Localized stress estimates
The in situ stresses acting on any formation comprise the vertical stress caused by the overburden weight and two horizontal stresses that are a result of the poroelastic deformation of the rocks plus the external tectonic forces. During drilling, a knowledge of the magnitude and direction of in situ stresses is required for design of casing and preventing unwanted open hole strata fracturing in the well. Also, for hydraulic fracture treatment, the in situ stresses have a strong bearing on the fracture azimuth and orientation, fracture width, height, its growth and its conductivity.

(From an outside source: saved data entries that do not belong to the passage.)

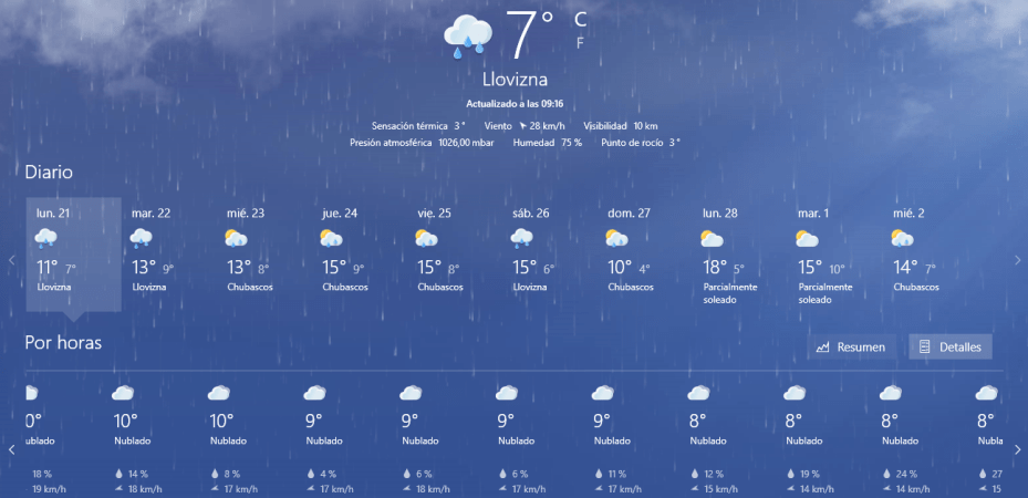 La máxima pronosticada para hoy no supera los 11 Grados. Asique llevar siempre algo de abrigo y si vamos a salir llevar algo que pare la lluvia.
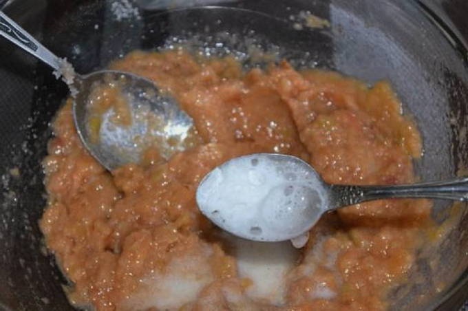 - Spoel de appels grondig af en droog ze af met een handdoek. Snijd het fruit in 4 stukken en verwijder de schil. We verwijderen rot en mee-eters, verwijderen de kern. Maal de appelpartjes in kleine stukjes.
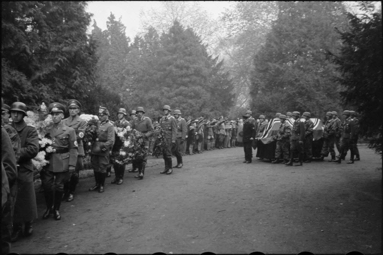 A Bonn, lors des obsèques du lieutenant-colonel Walter Koch, les différentes couronnes sont portées par des soldats, policiers ou membres locaux du parti national socialiste.
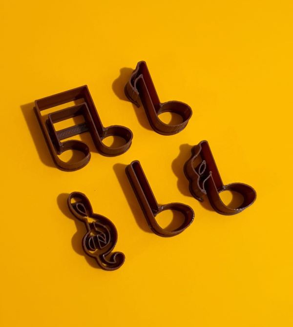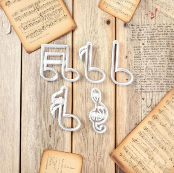 Kit Cortador notas musicais. Pode ser usado em pasta americana. Produzido com PLA, material de origem natural (amido de milho, entre outros), o que o caracteriza biodegradável.
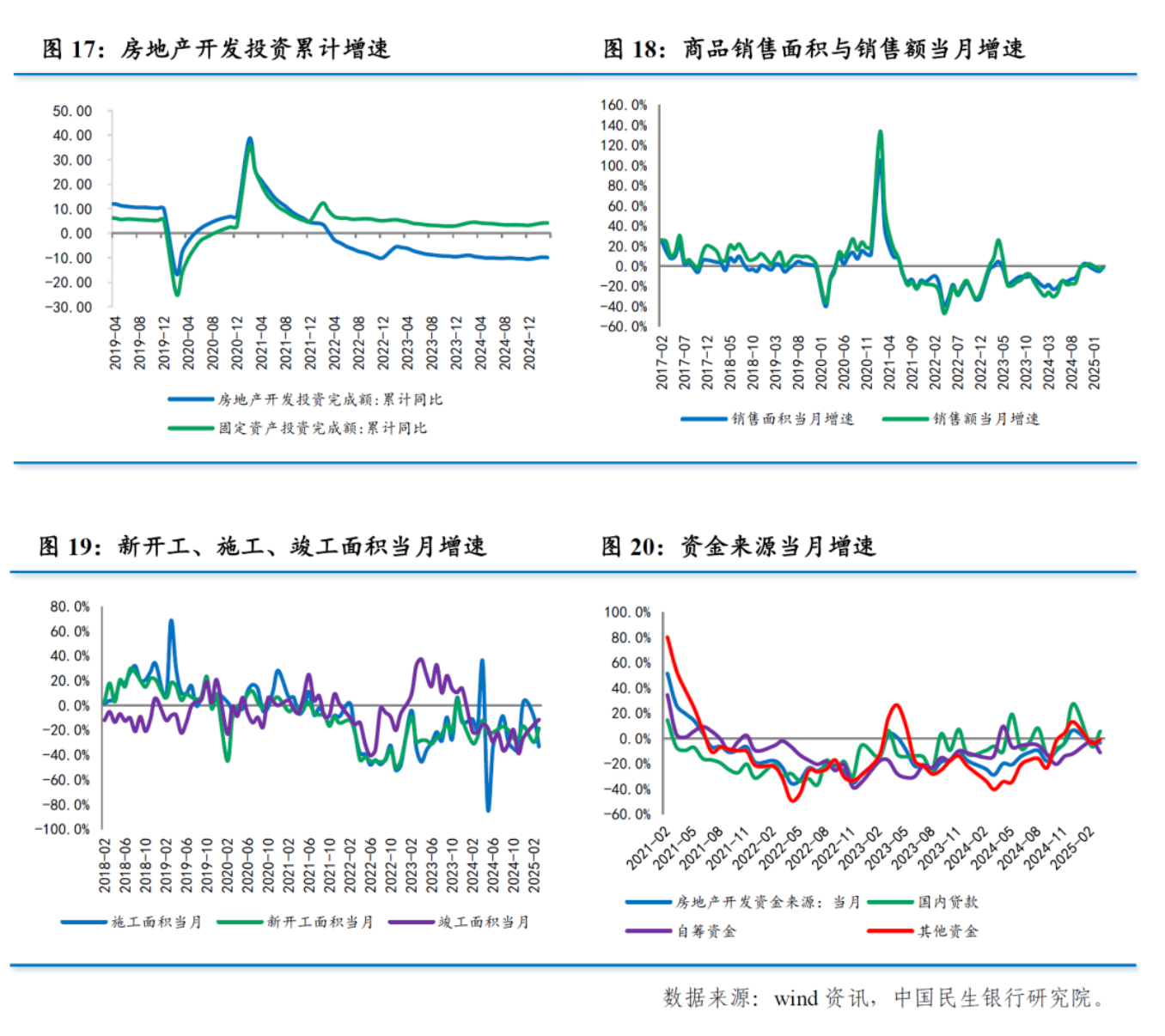 一季度全年房地产开发投资同比-9.9%,降幅较1~2月扩大0.1个百分点。我们测算的3月当月同比增速为-10.0%,又回到两位数降幅。
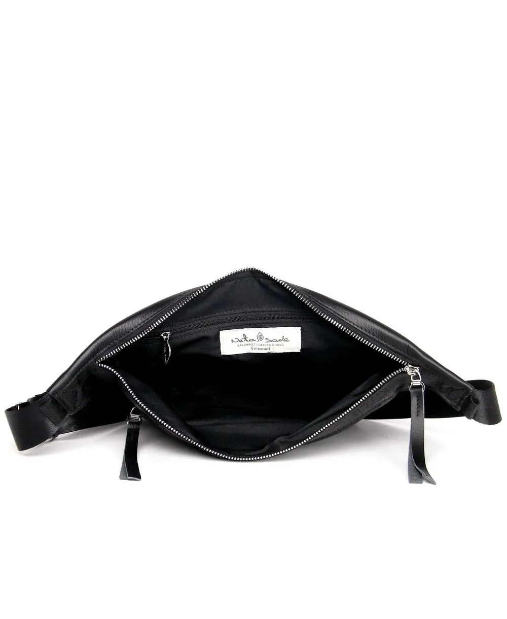 תיק פאוץ' אנה גדול שחור סדקים | נטע שדה
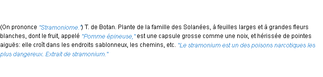 Définition du mot « stramonium » par Emile Littré (édition de 1876).Merci à Céleste et Sylvaine pour la numérisation du mot stramonium.
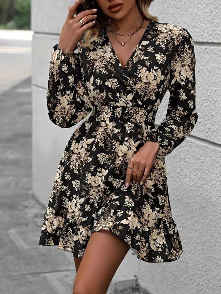 فستان نسائي قصير بكسرات وتفصيلة سحاب وياقة دائرية
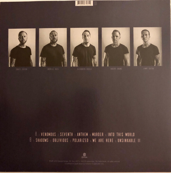 Media Condition : Mint (M) Sleeve Condition : Mint (M) + Please note - All images are stock images and may not represent the Final Product, please read the Condition Grading and Description Details for any defects or variations. New and sealed, on sale! Notes : 80 copies of this were also sold as signed through swedish record store 'Bengans'. Comes with printed inner sleeve. ©&℗ 2019 Epitaph Europe. Track List : A1. Venomous 2:42 A2. Seventh 3:00 A3. Anthem 2:38 A4. Murder 2:40 A5. Into This World 3:34 B1. Shadows 2:44 B2. Oblivious 3:24 B3. Polarized 2:35 B4. We Are Here 2:47 B5. Unsinkable II 3:23 Barcode and Other Identifiers : Barcode 8 714092 770711 Barcode 8714092770711 Label Code LC 02576 Matrix / Runout 196776E1/A PIRATES PRESS - EPIT 7707-1 A Matrix / Runout 196776E2/A PIRATES PRESS - EPIT 7707-1 B Rights Society BIEM/STEMRA Manufactured By Pirates Press Phonographic Copyright (p) Epitaph Europe Copyright (c) Epitaph Europe Pressed By GZ Media Recorded At Top Floor Studios Recorded At MGStudio (2) Mixed At Oral Majority Recordings Mastered At Bohus Sound Recording
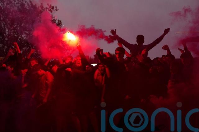 The celebrations continued outside Anfield after the game, with thousands in the street singing and waving red flares amid fireworks being set off.

These in situ stresses can be estimated from the geomechanical properties determined from seismic data as discussed above. In particular two attributes, namely the differential horizontal stress ratio (Gray et al., 2012; Sena et al., 2011) (DHSR) and closure stress (Goodway et al., 2010) are commonly used for the purpose. DHSR is the ratio between the maximum and minimum horizontal stresses to the maximum horizontal stress. Zones with low DHSR values, could have fractures formed in a random manner and so creating a fracture swarm. Thus low DHSR values are favorable. Closure stress is the minimum pressure required to hold open a fracture once it is created. Optimal producing zones would exhibit high Young’s modulus and low DHSR or closure stress values. The derivation of stress estimates from some of the attributes discussed above would be discussed at another time.
Conclusions
Geophysical methods can help in characterizing the shale gas resource plays. However, the methodology adopted is in general different from methodologies applied to conventional reservoirs. Specifically, because of the significantly greater well control, shale resource plays are much more amenable to a more quantitative interpretation. While the workflows can in general be applied to most shale plays, the characterization of each shale reservoir may require particular types of tools and formation specific or even survey specific templates. While we have discussed a number of different workflows for characterization of shale gas reservoirs, the choice of such methods will continue to evolve to meet the growing challenges and expectations.
Acknowledgements
We thank Arcis Seismic Solutions, TGS for encouraging this work and for permission to present these results.